--- DATA EXCERPT Enclosed Below ---

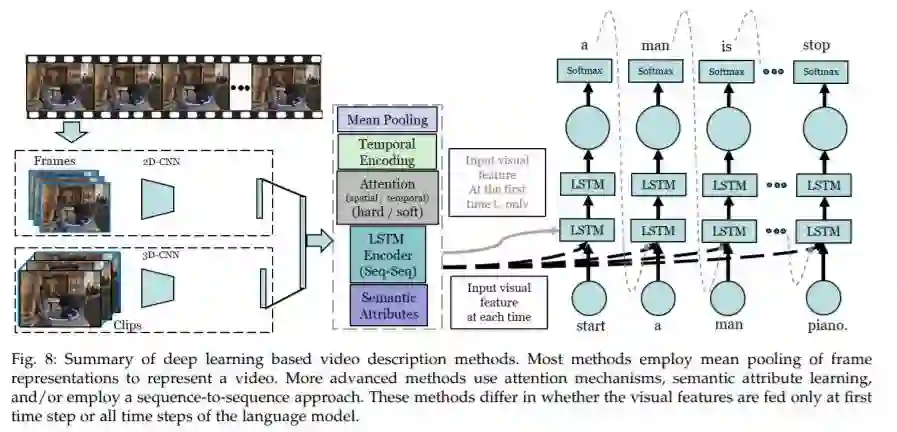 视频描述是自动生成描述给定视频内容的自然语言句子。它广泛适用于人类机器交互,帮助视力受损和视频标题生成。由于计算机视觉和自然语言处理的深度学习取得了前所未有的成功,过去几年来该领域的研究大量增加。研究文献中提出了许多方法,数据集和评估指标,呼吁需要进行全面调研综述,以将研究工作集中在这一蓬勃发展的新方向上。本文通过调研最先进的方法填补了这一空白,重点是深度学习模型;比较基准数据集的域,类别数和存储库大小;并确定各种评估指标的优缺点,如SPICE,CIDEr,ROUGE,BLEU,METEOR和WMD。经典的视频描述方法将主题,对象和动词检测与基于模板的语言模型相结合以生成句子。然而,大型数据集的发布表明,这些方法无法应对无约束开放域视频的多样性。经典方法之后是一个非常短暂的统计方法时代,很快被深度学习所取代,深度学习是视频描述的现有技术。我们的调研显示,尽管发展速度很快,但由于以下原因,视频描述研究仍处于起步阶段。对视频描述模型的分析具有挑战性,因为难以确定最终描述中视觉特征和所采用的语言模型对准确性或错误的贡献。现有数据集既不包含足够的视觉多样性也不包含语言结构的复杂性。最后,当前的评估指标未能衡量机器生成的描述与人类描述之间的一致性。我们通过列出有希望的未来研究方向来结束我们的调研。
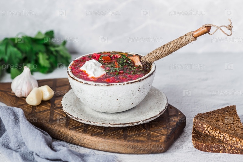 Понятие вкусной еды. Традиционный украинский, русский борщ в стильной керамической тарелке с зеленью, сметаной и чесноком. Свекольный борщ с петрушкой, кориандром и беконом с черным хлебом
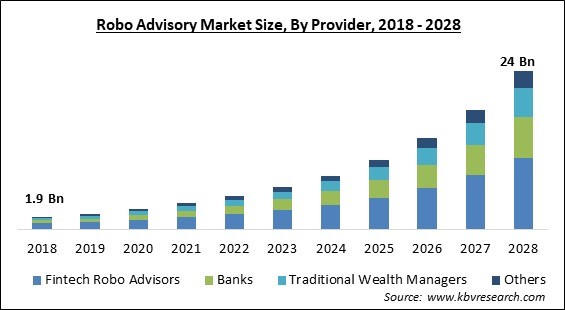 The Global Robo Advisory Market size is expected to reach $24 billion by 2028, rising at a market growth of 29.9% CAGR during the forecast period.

--- End of Enclosed DATA EXCERPT ---

*YOUR INSTRUCTIONS*
Write every line above again exactly, but leave the pictures out.

*RESPONSE TO THE EXERCISE*
 视频描述是自动生成描述给定视频内容的自然语言句子。它广泛适用于人类机器交互,帮助视力受损和视频标题生成。由于计算机视觉和自然语言处理的深度学习取得了前所未有的成功,过去几年来该领域的研究大量增加。研究文献中提出了许多方法,数据集和评估指标,呼吁需要进行全面调研综述,以将研究工作集中在这一蓬勃发展的新方向上。本文通过调研最先进的方法填补了这一空白,重点是深度学习模型;比较基准数据集的域,类别数和存储库大小;并确定各种评估指标的优缺点,如SPICE,CIDEr,ROUGE,BLEU,METEOR和WMD。经典的视频描述方法将主题,对象和动词检测与基于模板的语言模型相结合以生成句子。然而,大型数据集的发布表明,这些方法无法应对无约束开放域视频的多样性。经典方法之后是一个非常短暂的统计方法时代,很快被深度学习所取代,深度学习是视频描述的现有技术。我们的调研显示,尽管发展速度很快,但由于以下原因,视频描述研究仍处于起步阶段。对视频描述模型的分析具有挑战性,因为难以确定最终描述中视觉特征和所采用的语言模型对准确性或错误的贡献。现有数据集既不包含足够的视觉多样性也不包含语言结构的复杂性。最后,当前的评估指标未能衡量机器生成的描述与人类描述之间的一致性。我们通过列出有希望的未来研究方向来结束我们的调研。
 Понятие вкусной еды. Традиционный украинский, русский борщ в стильной керамической тарелке с зеленью, сметаной и чесноком. Свекольный борщ с петрушкой, кориандром и беконом с черным хлебом
 The Global Robo Advisory Market size is expected to reach $24 billion by 2028, rising at a market growth of 29.9% CAGR during the forecast period.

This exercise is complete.